だが、自然の神秘さや不思議さを感じ取る力は、減っているだけであり、完全に失われたわけではない。

この感性は、やがて大人になるとやってくる倦怠と幻滅、わたしたちが自然という力の源泉から遠ざかること、つまらない人工的なものに夢中になることなどに対する、かわらぬ解毒剤になるのです。

同著 23頁より抜粋

自然というものは、わりと身近なところで触れ合うことができる。

町中でも雑草が花を咲かせ(この場合、雑草とは言わないか)、鳥のさえずりが聞こえ、雨や風の音に耳を傾けることはできる。

自然に触れるということは、植物や動物の分類、知識を深めることとイコールではない。

自然であれ芸術であれ、前提知識を持っていた方が面白いかもしれない。ただ、必ずしも知らなればならないことではない。
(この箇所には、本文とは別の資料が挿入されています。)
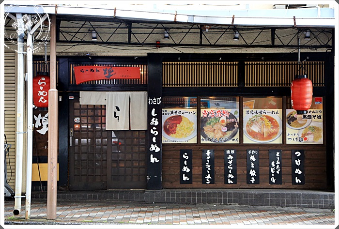 三島車站附近的拉麵店在日本網站似乎沒有特別高的推薦,所以我們只能在其中大概找了幾家,其中以三島車站前面這一家煌看起來還不錯,店麵外表是全木頭老裝潢的感覺,第一印象還不錯,看了一下外麵的海報就覺得是他了。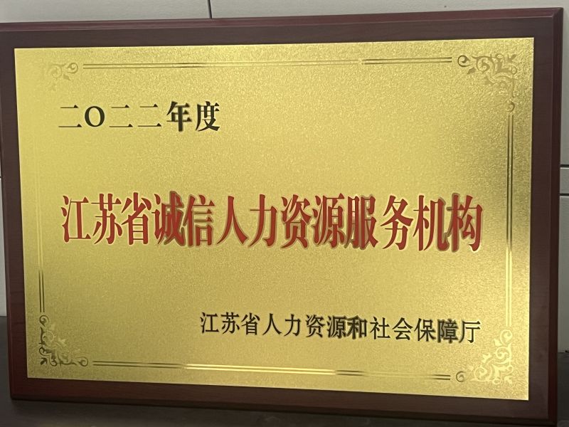 勞代公司榮獲“全省誠信人力資源服務機構”稱號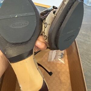 Elegant Gucci mules with signature monogram pattern. Features a stylish buckle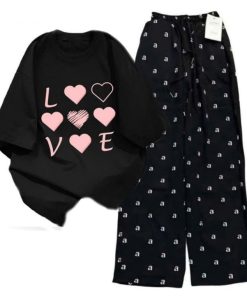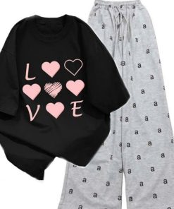 – Tên Sản phẩm: Sét bộ mùa hè quần ống suông chữ aaa dáng dài 95cm+mix áo phông form rộng tay lỡ – chữ LOVE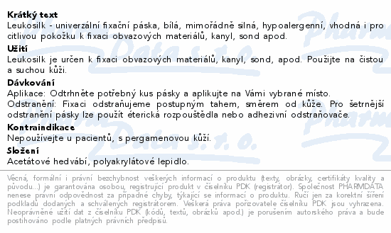 Leukosilk - univerzální fixační páska, bílá, mimořádně silná, hypoalergenní, vhodná i pro citlivou pokožku k fixaci obvazových materiálů, kanyl, sond apod.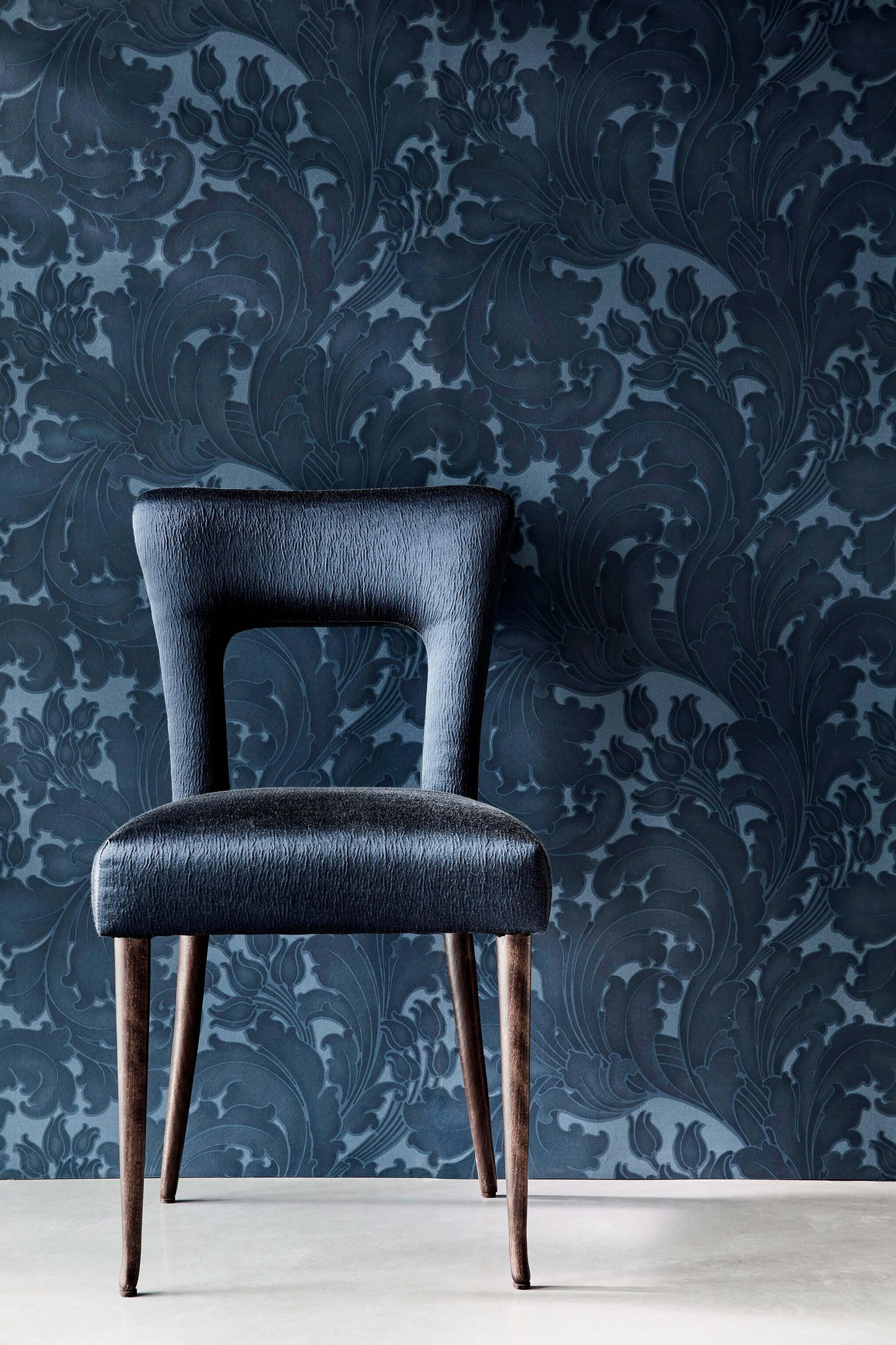 The Massingberd Blossom wallpaper from Little Greene, here in the Deep Blue version, is inspired by a wallpaper that was already wallpapered at t...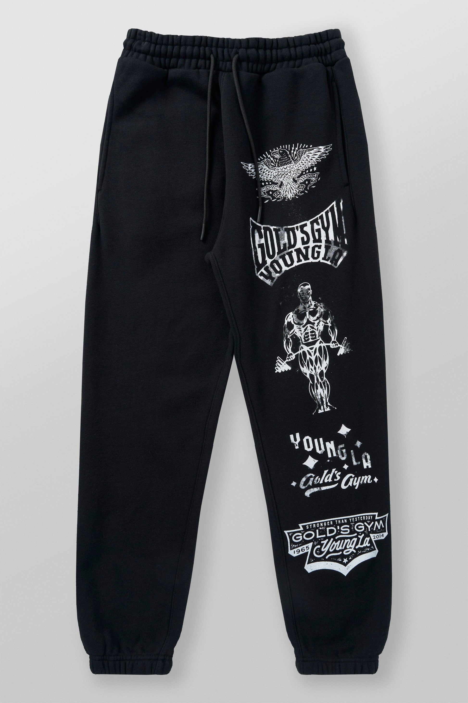 DESIGN: Introducing the Gold’s Gym x YoungLA cuffed joggers – inspired by YoungLA’s best-selling Immortal Joggers. These joggers feature bold printed logos along one leg, blending classic gym heritage with modern streetwear style. Perfect for comfort and style, they bring the iconic look of Gold’s Gym to a versatile everyday piece.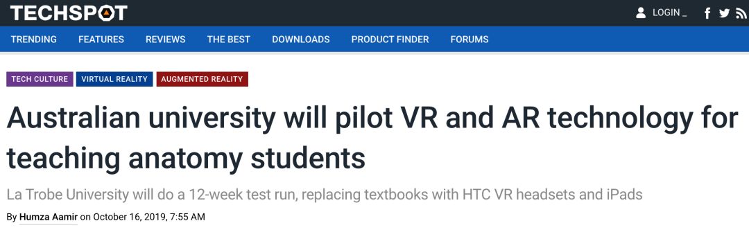 澳大利亚拉筹伯大学近期宣布:将在接下来的12周内通过VR和AR可视化技术来教解剖学。
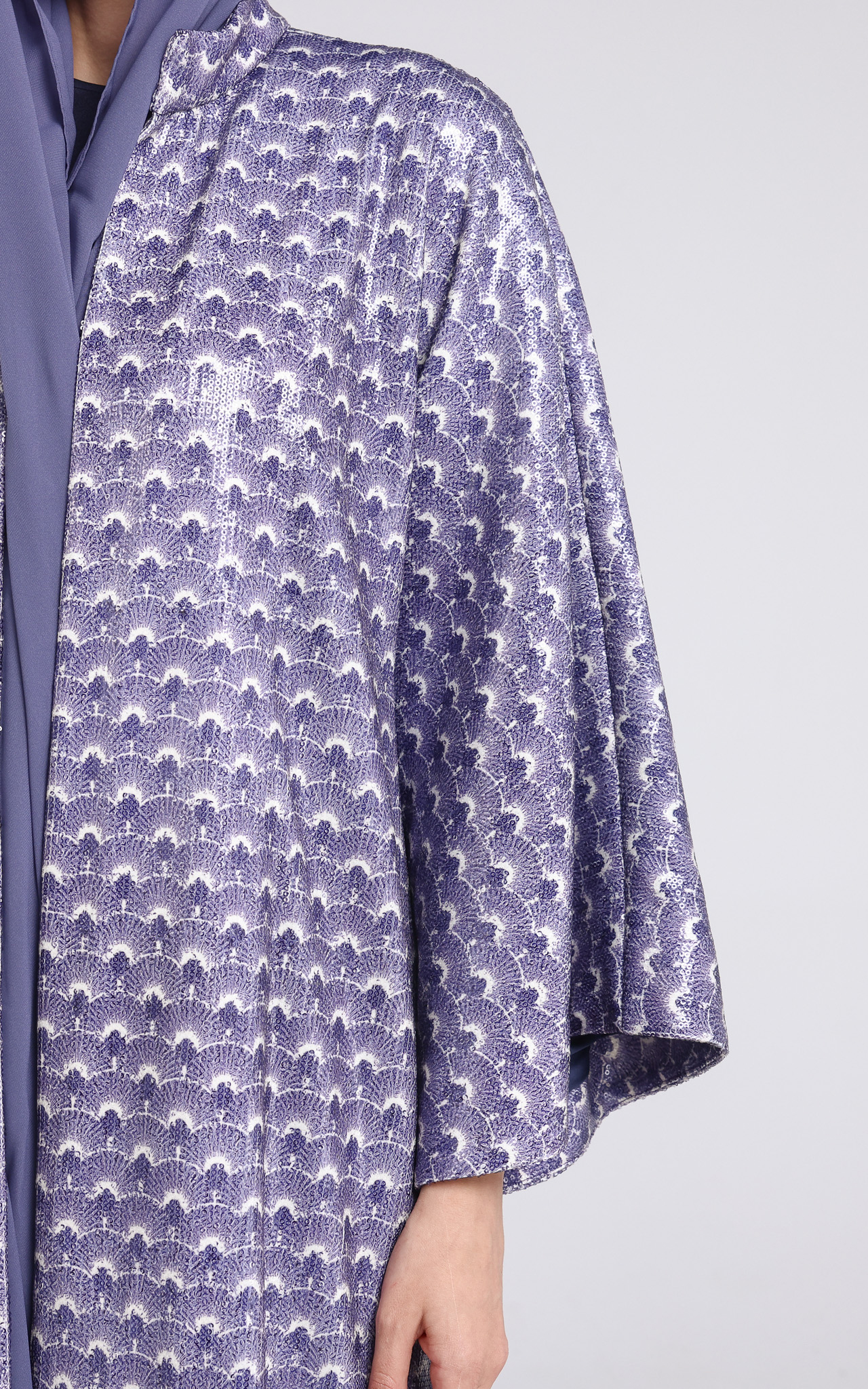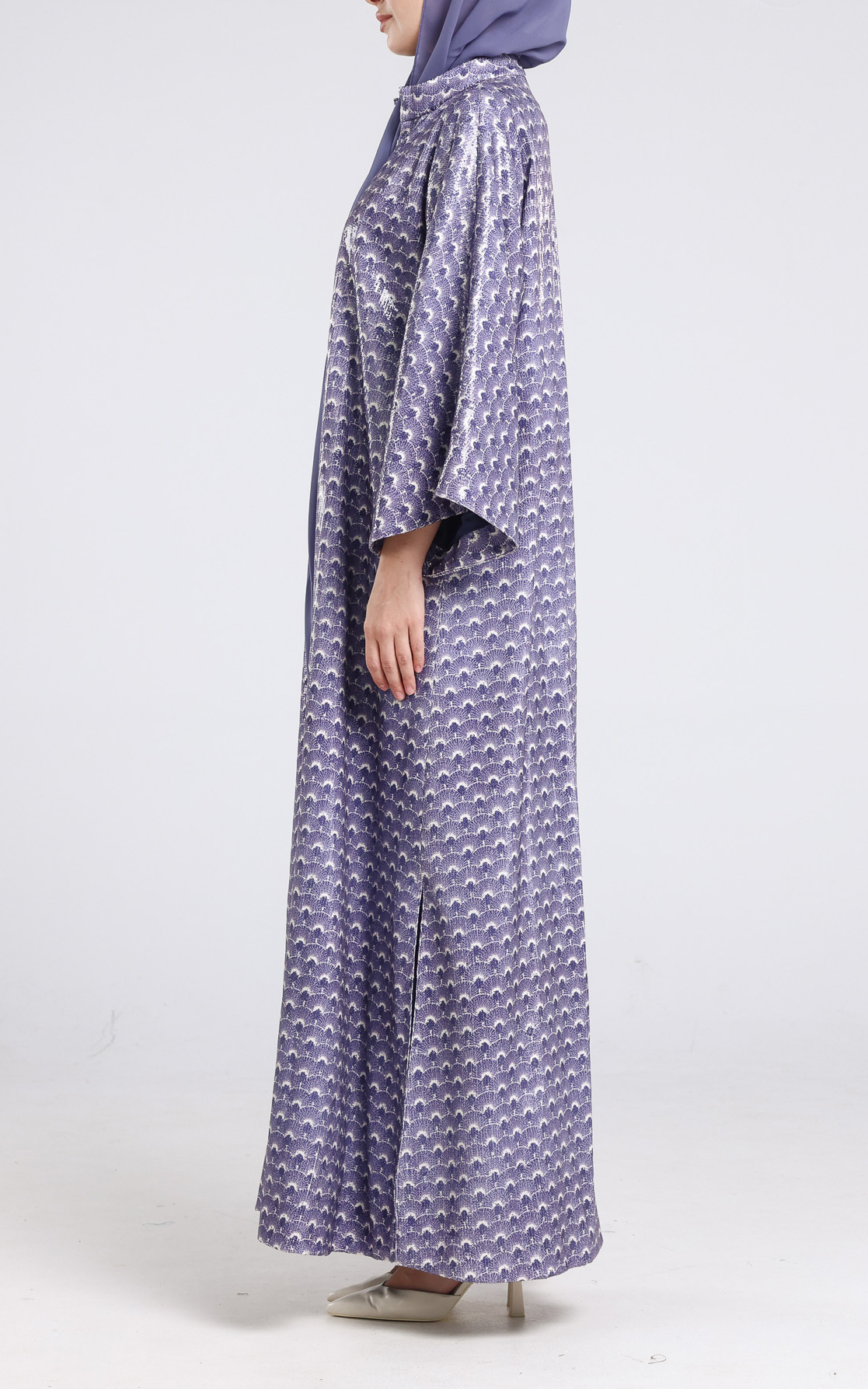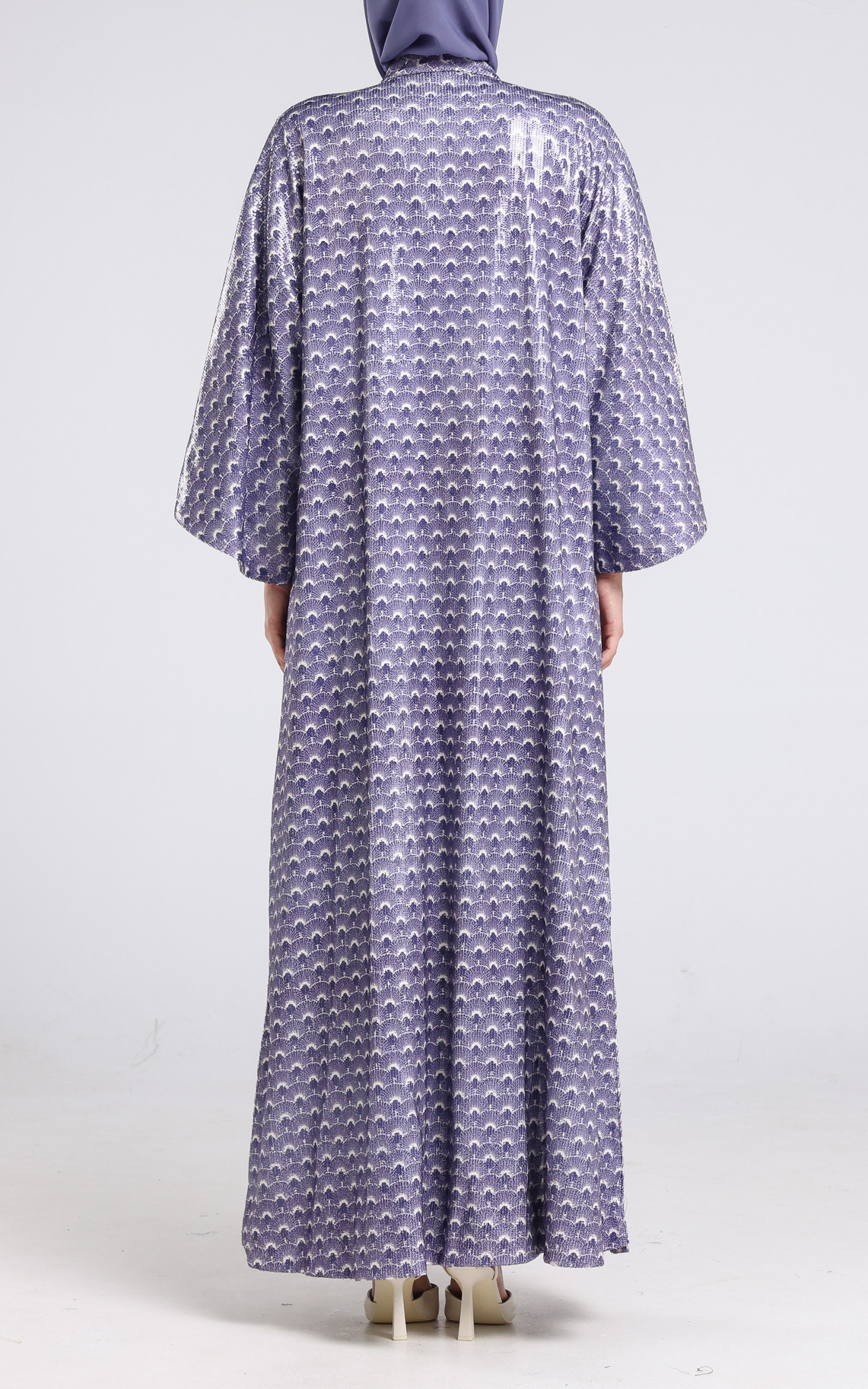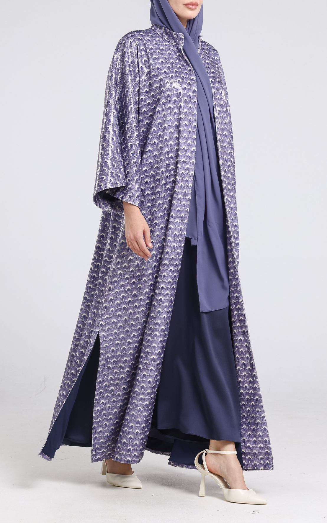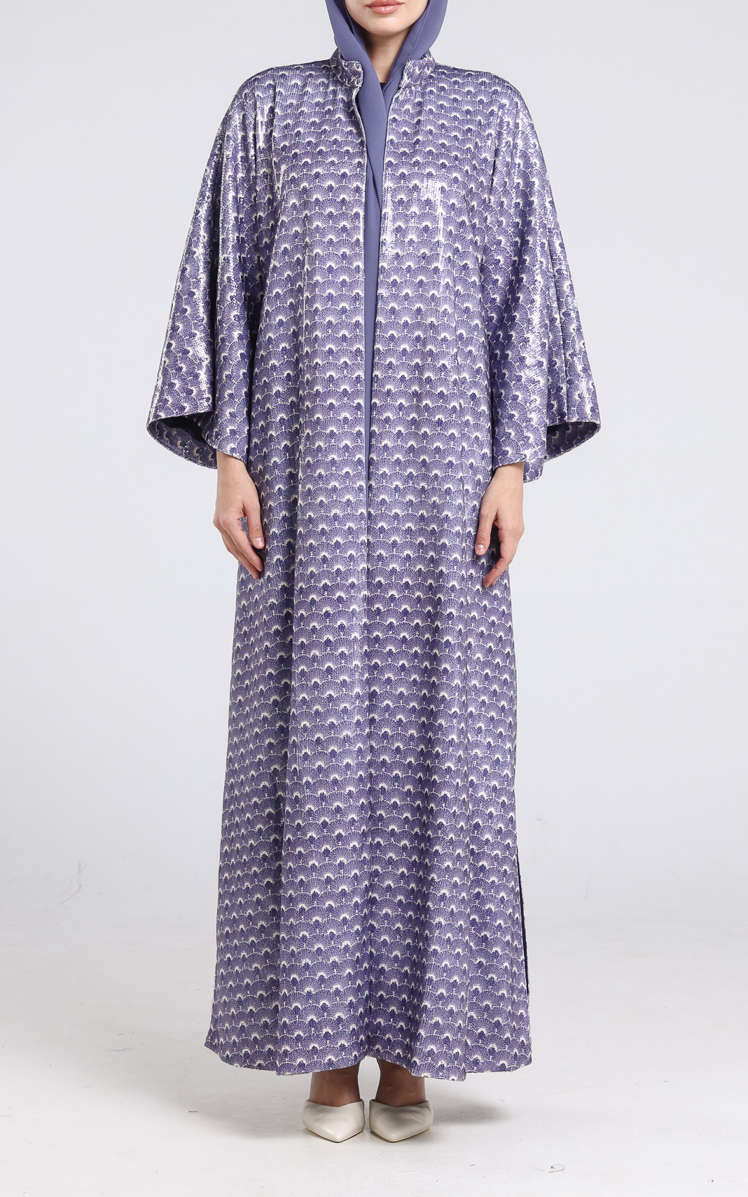 This unique abaya has a vibrant sequin design, The abaya is lined for a perfect finish. Japanese collar, slightly flared sleeves and slits on the side of abaya. Comes with scarf.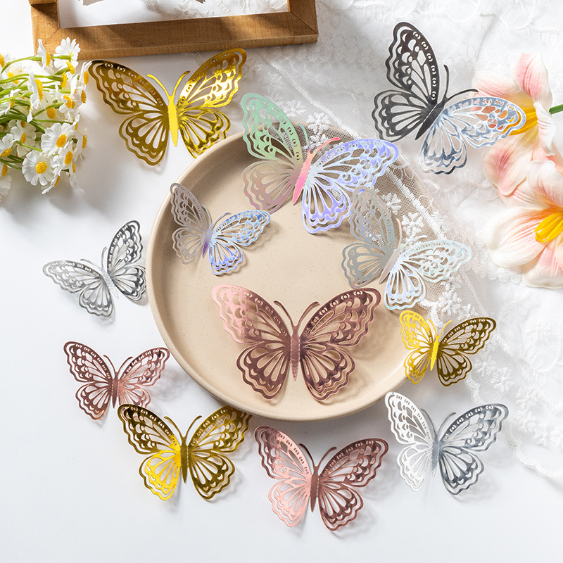 12個の立体透かし彫り蝶壁紙シミュレーション金属質感蝶壁シールパーティー壁面装飾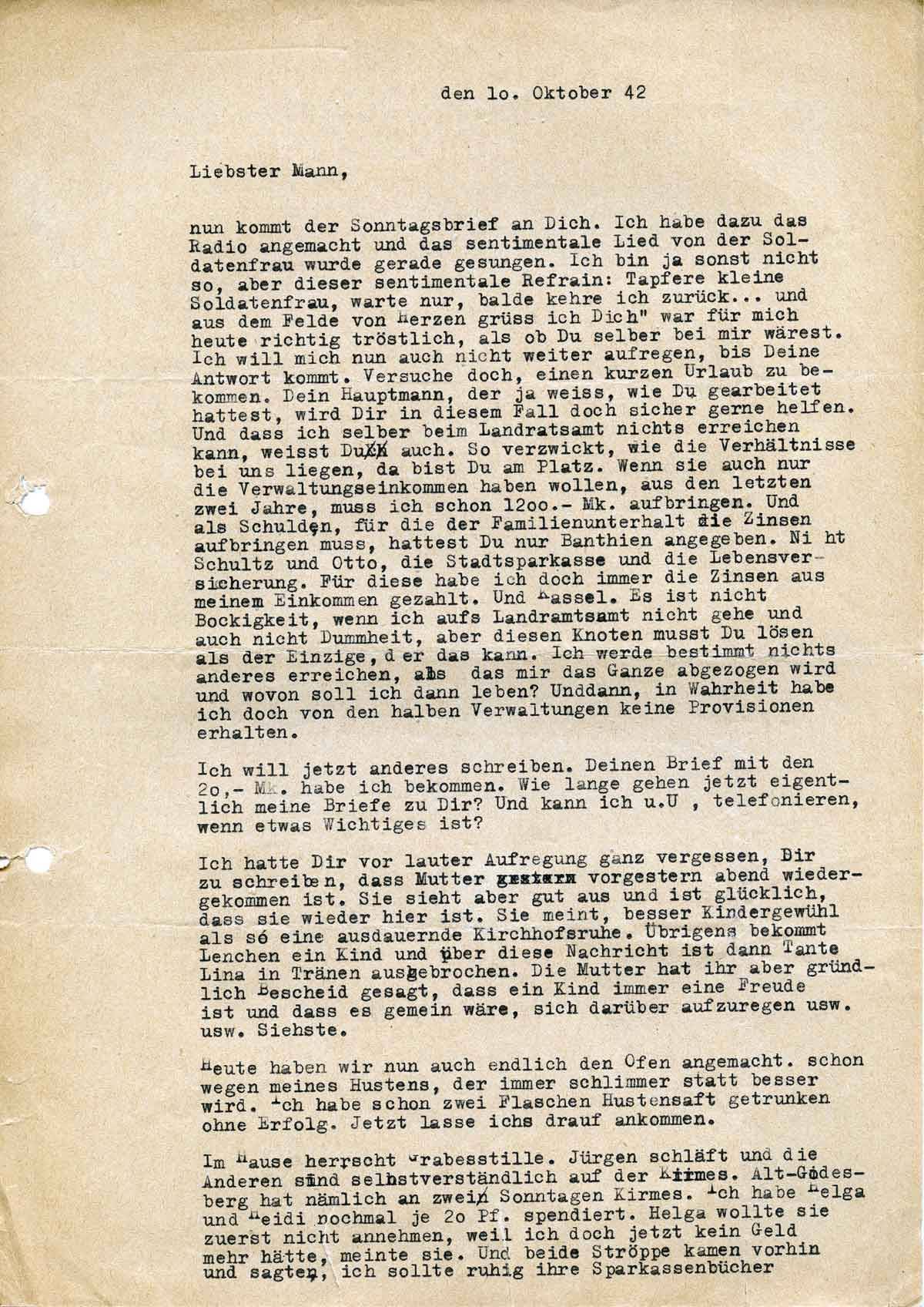 Charlotte Endemann an ihren Mann Harald, 10.Oktober 1942

鳥の渡りについて少しでも不思議に思ってわたしになにか質問してきたらとしたら、その子が単に、イソシギとチドリの区別ができるということより、わたしにとってどれほどうれしいことかわかりません。

同著 47-48頁より抜粋

今のご時世、SNSやテレビでいくらでも自然を見ることはできる。

だけど、それはあくまでも映像や画像でしかない。スクリーンセーバーのオーロラの写真は確かに綺麗だけれども、そこから自然の神秘さを感じ取りにくい。

自然を感じるために遠くに行く必要はない。

子どもの頃と同じ視線で、小さな世界に気づけるような感性を持ち続けたいものである。それではまた次回!